The risk of losing revenue from the tariffs and customs has also been an issue in West Africa. While the dependency differs between the countries the average revenue from tariffs on European goods stands at 18 percent of the total government revenue in West Africa.
Trade for Aid
While there have long been a scheme called “Aid for Trade” for developing countries with the objective of improving developing countries capacity for trade, in the final phase of the EPA things were a bit different.
On the 17 March 2014, after negotiators had concluded their work but before any state leaders had signed, the EU announced they would give at least €6.5 billion in order to support West African countries “stimulate growth and job creation,” and prepare to join the new economic partnership with Europe.
The funding wasn’t all new, and some of it was already earmarked as a part of the EU development fund, but adding more funding while making it a part of the EPA sparked some criticism.
“It is aid conditionality [adding the criteria that aid-money should be used for consumption in donor country]coming in again. It shouldn’t be that you qualify for aid because you sign the EU agreement,” Mr. Afesorgbor says and makes it clear, that although he’s against the principle, he doesn’t believe it to have been a major issue in these dealings.

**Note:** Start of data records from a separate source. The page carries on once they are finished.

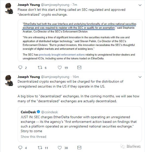 随后,加密货币分析师Joseph Young发布推特表示,美国SEC指控EtherDelta将是对去中心化交易所的一个打击。
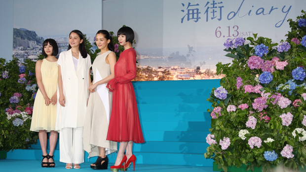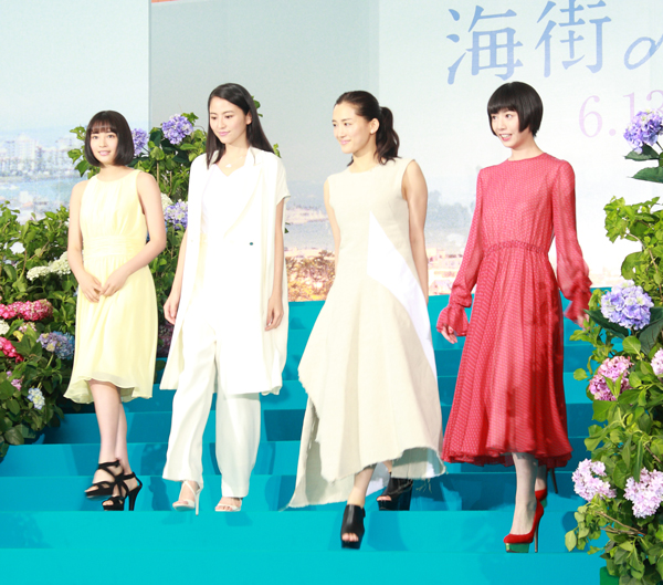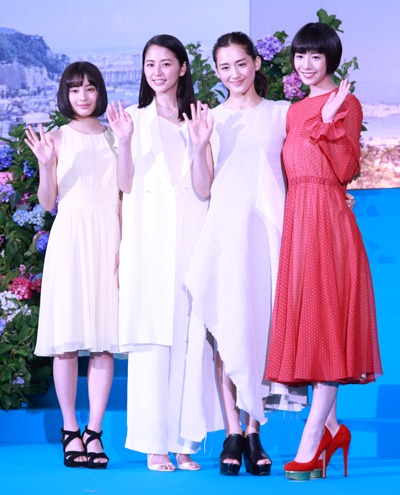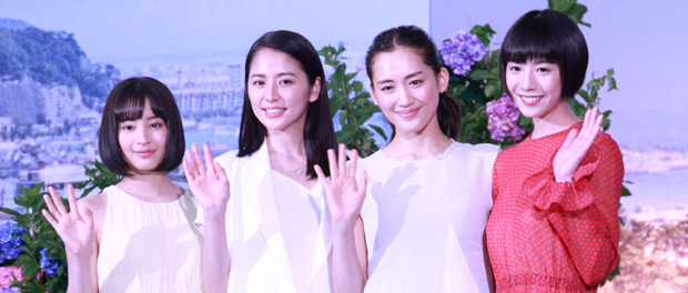 次女役の長澤は「本作には監督の女性への愛情や尊敬の念を感じさせる作品」と魅力を分析。その魅力は世界にも通ずるであろうと自信を見せる。しっかり者の長女役の綾瀬は、腹違いの四女を演じた広瀬について「すごくしっかりしています。それにあどけなさとクールさが絶妙なバランスである。映像になると目を惹く、気になる存在」だと饒舌に妹自慢。劇中同様の姉妹の仲の良さを見せつけた。そして、本作について「どこを切りとっても美しい作品。観た後に気分良くなるので、(劇場公開を)楽しみにしていてください!」と呼びかけた。
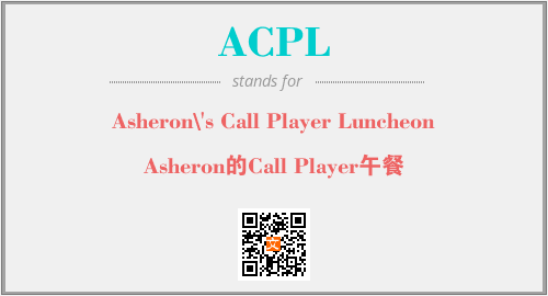 上述内容是“Asheron\'s Call Player Luncheon”作为“ACPL”的缩写,解释为“Asheron的Call Player午餐”时的信息,以及英文缩略词ACPL所代表的英文单词,其对应的中文拼音、详细解释以及在英文中的流行度和相关分类、应用领域及应用示例等。
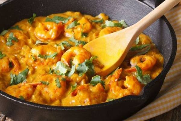 - Añadir las gambas y la mitad del cilantro y calentar durante 2 minutos.
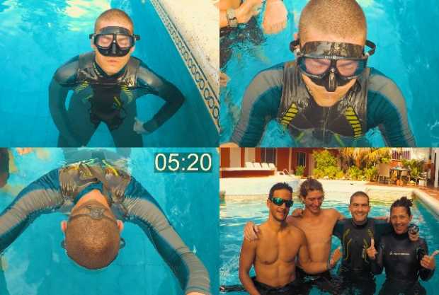 En el curso logré estar bajo el agua sin respirar durante 5:25 minutos, algo que realmente nos sorprendió. Los resultados de este entrenamiento me dieron mucha confianza para sentirme seguro en caso de que alguna situación se complicara durante la travesía.
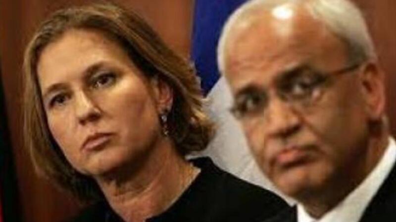 رئيس الطاقم الفلسطيني صائب عريقات ووزيرة العدل الإسرائيلية تسيبي ليفني
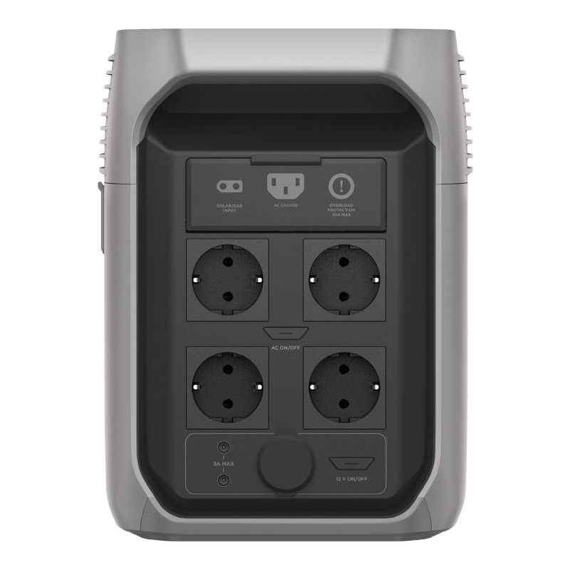 - Porty EU: 4× AC 230 V (Schuko), 2× USB-A, 2× USB-A Fast, 2× USB-C 100 W, gniazdo samochodowe 12.6 V/126 W, 2× DC5521.
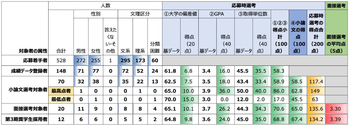 学奨財団は、透明性の高い運営を志向しており、具体的な選考基準を公開するだけでなく、前年の選考結果を情報公開し、応募者が応募しやすい環境を整備している。以下は、第3期の選考分析結果である。
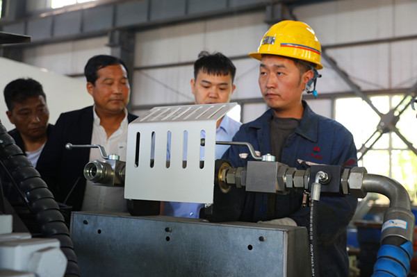 北風(fēng)井設(shè)備庫房,專家進(jìn)行實(shí)操現(xiàn)場授課,講解了設(shè)備操作要點(diǎn)、施工標(biāo)準(zhǔn),重點(diǎn)講授了故障分析、處理及保養(yǎng)知識?;咏虒W(xué),通過一邊演示,一邊職工上機(jī)實(shí)操,結(jié)合具體問題答疑解惑、相互印證,確保職工盡快盡早掌握新設(shè)備。
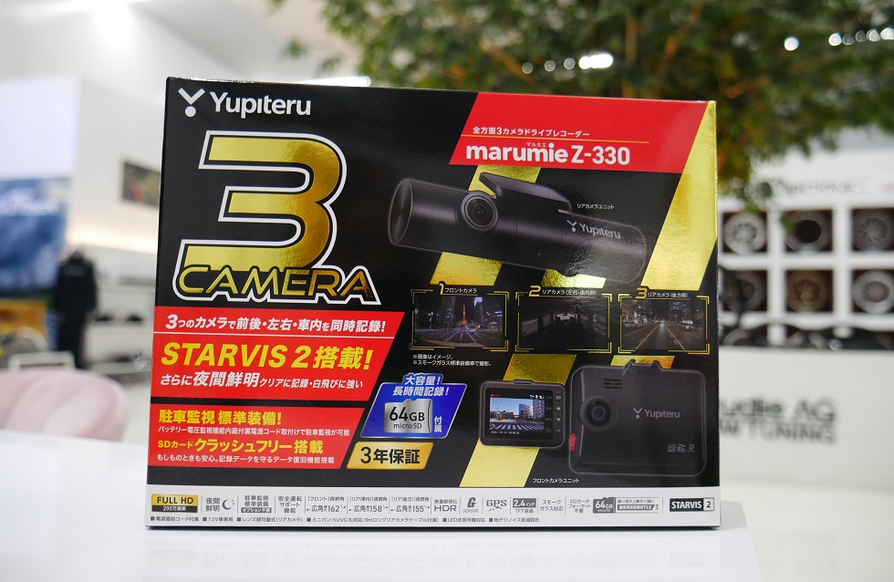 ドライブレーコーダーは、3カメラで全方向を記録、また、駐車監視機能を標準装備のスタディでも売れ筋の機種となっている ユピテル ドライブレーコーダー Z330。
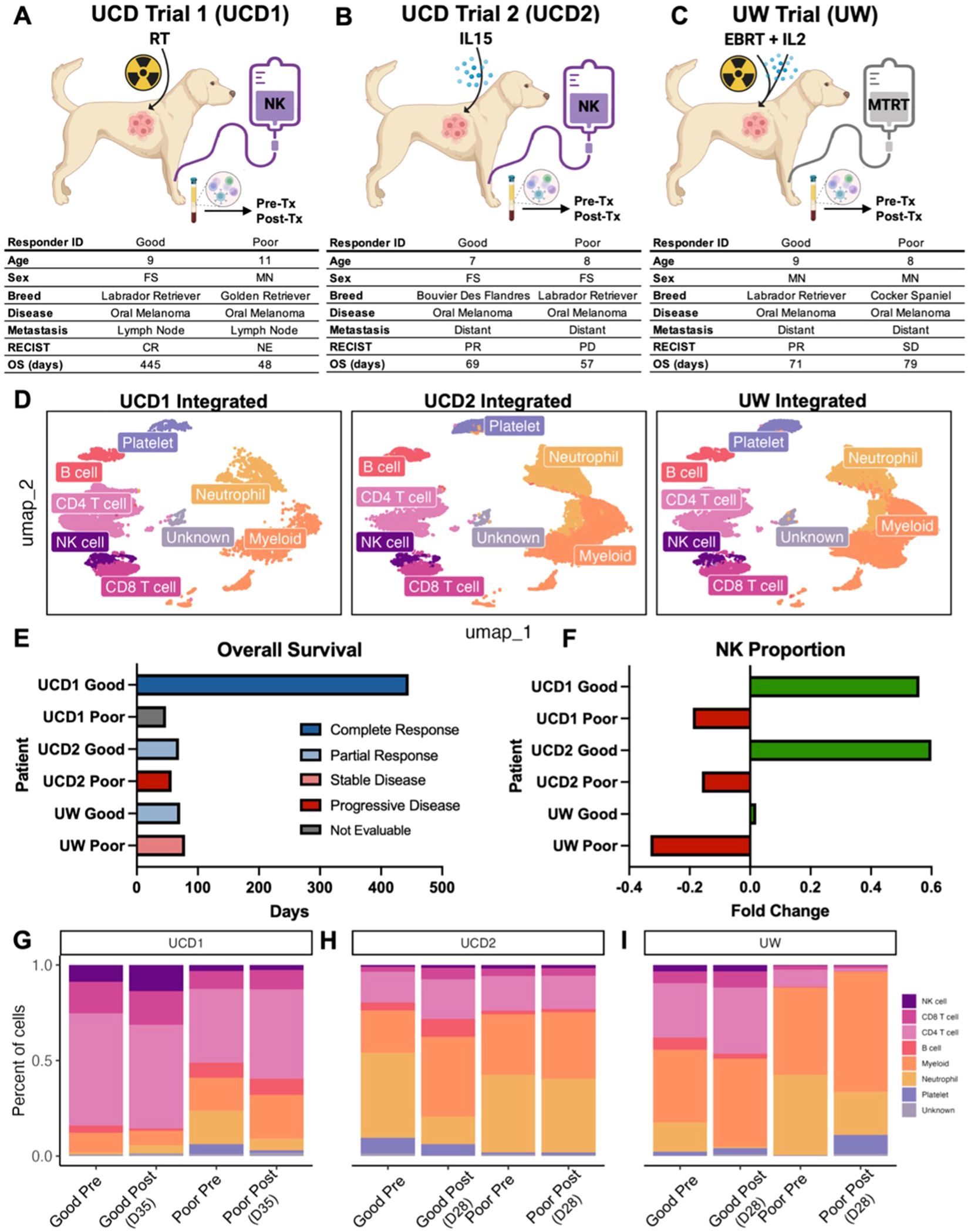 Figure 3. NK proportions increase in response to treatment in good responders to first-in-dog immunotherapy regimens. (A–C) Schema depicting clinical trial treatments and corresponding characteristics and outcomes for dogs enrolled in (A) UCD trial 1 with combination of radiotherapy and allogeneic NK cell transfer, (B) UCD trial 2 with combination of inhaled IL-15 and autologous NK cell transfer, and (C) UW trial with combination molecular targeted radionuclide therapy (MTRT), IL-2 cytokine, and external beam radiation therapy (EBRT). Good and poor responders were determined based on RECIST criteria of the primary tumor and overall survival. PBMCs were collected pre and post treatment for each dog. The UCD1 Good responder did not survive long enough to determine response and was therefore considered not evaluable (NE). *UW good responder was lost to follow up at 71 days. (D) UMAP visualizations of the twelve integrated PBMC samples split by trial and color coded by cell type. (E) Bar plot depicting the overall survival or date or last follow up (UW Good) for each of the dogs included in the analysis. Bars are color coded by response based on RECIST criteria. (F) Bar plot showing fold change of the NK cell proportion in each dog included in the analysis. Green and red bars represent positive and negative fold change respectively. Fold change of NK cell proportion was calculated by (Post-treatment – Pre-treatment)/Pre-treatment. (G–I) Bar plots showing the percent of each cell type in each PBMC sample included in the analysis. Plots are split by trial and then further split by pre and post treatment sample for each dog. Post treatment samples were obtained (G) 35 days after the start of treatment in UCD trial 1, (H) 28 days after the start of treatment in UCD Trial 2, and (I) 28 days after the start of treatment in UW trial.
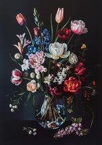 Dieses Gemälde zeigt einen bunten Blumenstrauß in einer klaren Vase vor einem dunklen Hintergrund. Mit Tulpen, Pfingstrosen, Rosen und anderen Blüten in Rosa, Rot, Blau und Weiß.
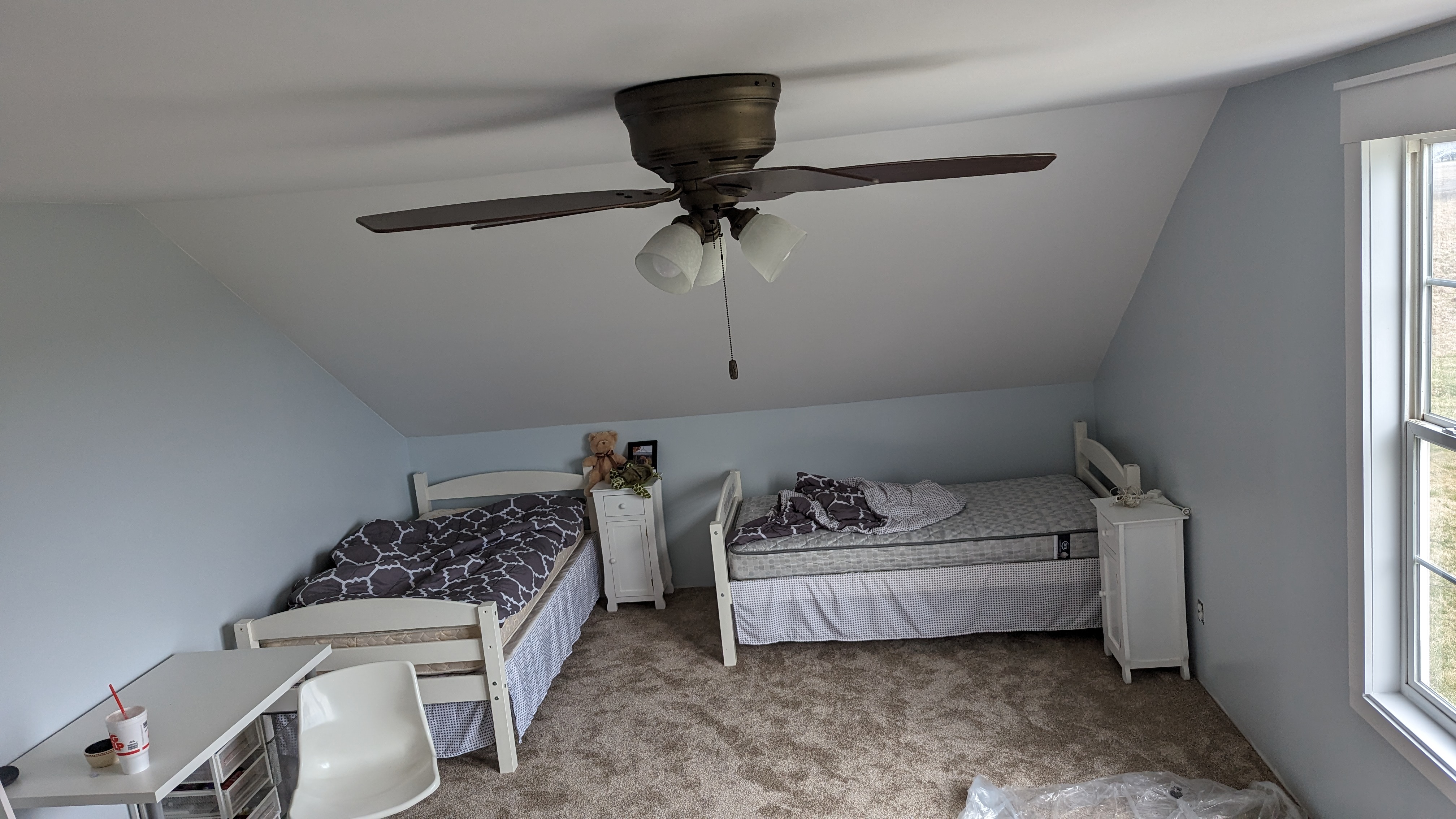 With the carpets down, the bedrooms are pretty much done, with the exception of installing some baseboards here and there. Last Saturday, the kids were anxious to move in. So, they started pulling their stuff out of the detached garage and started setting up their rooms the way they wanted them.
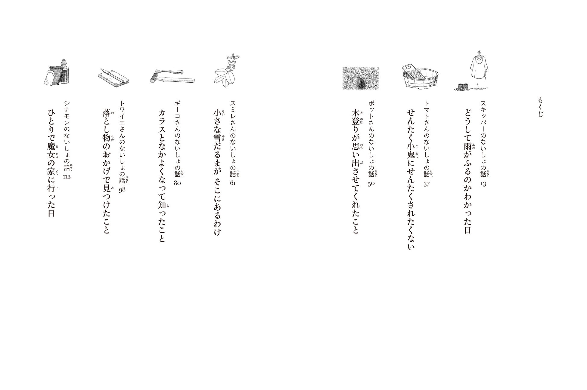 スキッパー、トマトさん、ポットさん、スミレさん、ギーコさん、トワイエさん、ふたご……。だれにでも、胸の中に秘めた大切なできごとがある。静かな日々の中に起こる不思議な出来事や発見、喜ぶなどが、たっぷりの絵と共に語られる短編集。「こそあどの森の物語」シリーズ誕生30年を記念した姉妹編2冊目。
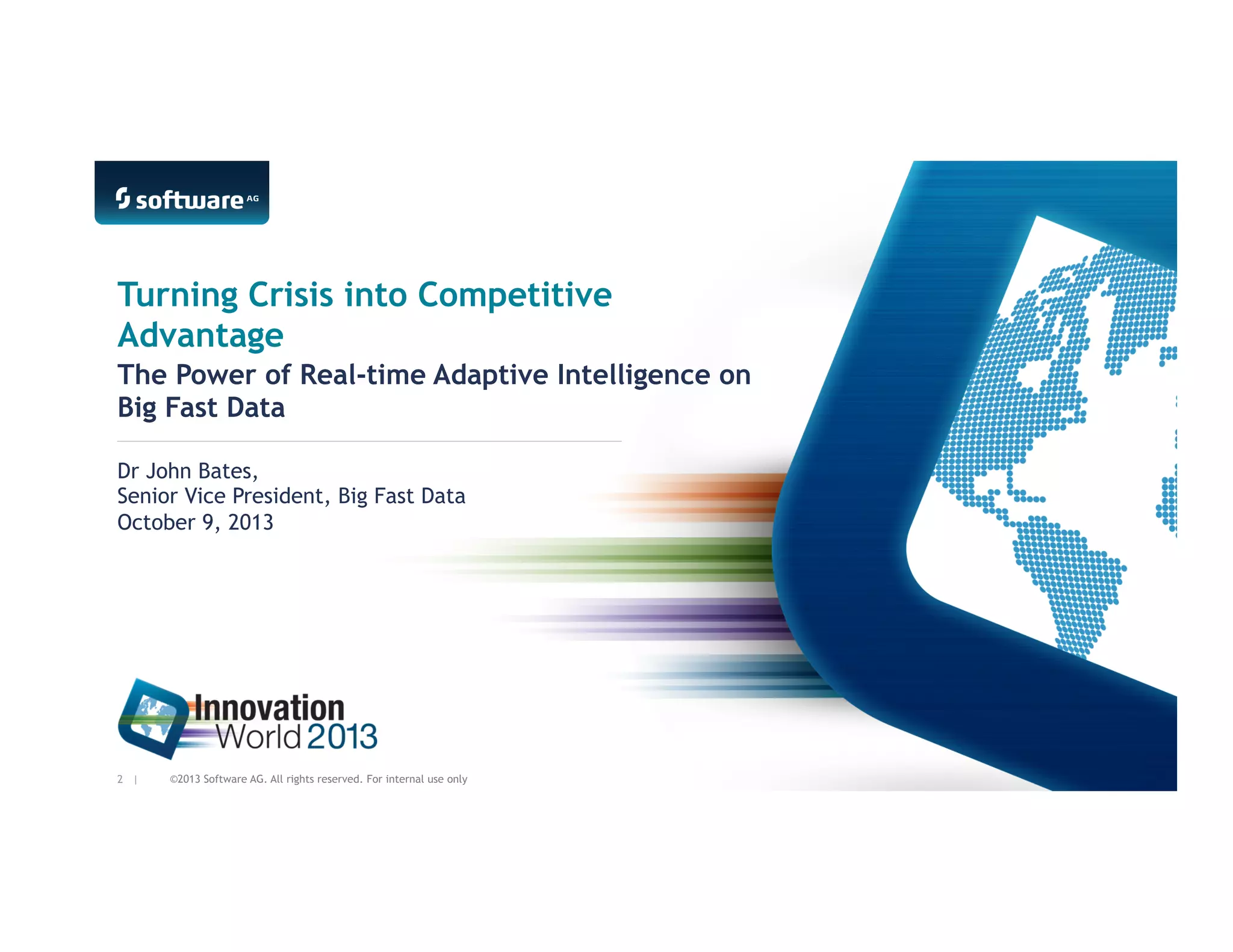 The document discusses the challenges posed by big fast data and the need for real-time adaptive intelligence. It notes that the time window to analyze and act on data is shrinking, and traditional batch-oriented business intelligence is no longer sufficient. Real-time analytics and embedded intelligence that can take immediate action are needed. Examples are provided where adaptive intelligence has helped companies address issues like suspicious trading, customer experience, and system performance. The document argues adaptive intelligence can help companies optimize operations, learn continuously and improve outcomes in real-time using big fast data from diverse sources.

According to him, in a global world with other big players, the EU could not put so much negative pressure on West Africa as some of these countries have other options or alternative sources of aid/external funding. Nigeria for example receives the majority of its – already limited due to their oil rich underground – aid from the US and Ghana is also negotiating $3 billion loan from China.
The process of agreeing to terms
Despite being reluctant at first, Nigeria, as well as the other fifteen states, signed the EPA in early October after a process that’s lasted since 2003.
Although free trade talks usually taking a long time to close, this was unusually long in the making. The process was complicated by it being the first of its kind for the West African countries combined. Previously they had all been a part of a standardized scheme between the EU and developing countries in Africa, the Caribbean and the Pacific (ACP).
That changed when the World Trade Organization decided the arrangement was distorting trade, and around the millennia, the EU and the APC countries changed their ways. The new agreement meant that the EU would negotiate different free-trade terms with six different blocs within the APC countries.
According to Dr. Clara Weinhardt from the Global Public Policy Institute in Berlin, it’s dealing in these blocs that made it difficult to conclude a fast deal. While the Caribbean states had experience from conducting trade talks together, and thus quickly struck a deal with the EU, this was a brand new exercise for West Africa.
Eventually though, a deal was struck. While originally asking only to remove 60 percent of all barriers – raised to 70 percent before the final negotiations – the EU and West Africa agreed to 75 percent before the negotiators on both sides were satisfied.
Success not imminent
Despite recent signings by African leaders and the Council of ministers, and the fact that neither the European Parliament or any national parliaments have come out strong against the deal, the success of the EPA is not yet a given.
According to Dr. Weinhardt, implementation could cause issues.
“If nothing happens on the ground there’s not going to be a whole lot of trade. And I don’t see a quick implementation,” she says and adds that the somewhat halfhearted support from some of the West African countries could become a problem.
“If we don’t have a buy in from the very beginning. If we have countries reluctantly signing on to the EPA agreement, there’s not a whole lot you can do afterwards in order to convince them to implement everything – except for highlighting that there are legal obligations.”
Whether or not those legal obligations become relevant, is a question for the future.